Brasil no tiene recursos médicos para manejar esta epidemia que todavía se está expandiendo, y mucho menos una segunda ola de casos. Para empeorar las cosas, julio, agosto y septiembre son meses de invierno en el hemisferio sur, lo que podría generar un aumento aún más rápido de las infecciones. Los investigadores de la Pontificia Universidad Católica de Río de Janeiro estiman que los casos podrían llegar a 1.4 millones antes de finales de junio, lo que elevaría el número de muertos a casi 60 mil.
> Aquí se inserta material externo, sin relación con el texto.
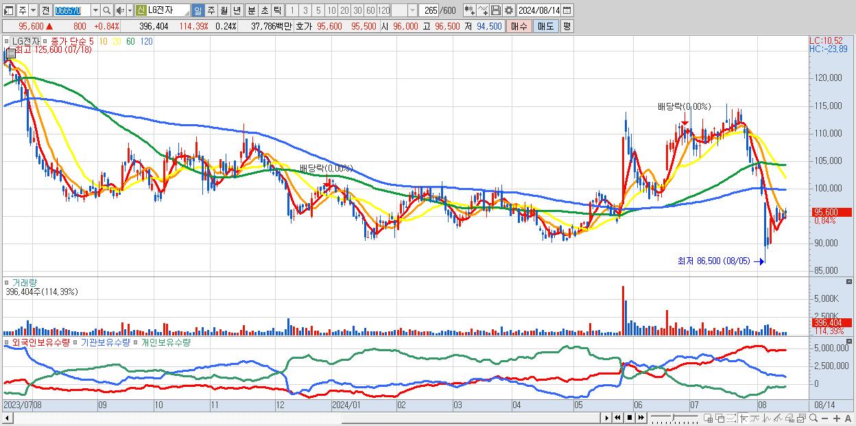 - LG전자 (95,600원 ▲ 0.84% , 시총: 156,447억, 외국인 순매수 거래금:42억)

A mediados de julio, dice el Instituto de Medición y Evaluación de la Salud de la Universidad de Washington, Brasil superará a EU en muertes per cápita.

"Todavía nos quedan muchos meses", dice Julio Croda, un epidemiólogo que anteriormente trabajó en la vigilancia de enfermedades infecciosas en el Ministerio de Salud de Brasil. "Lo que es triste de ver es que la curva aún se está inclinando".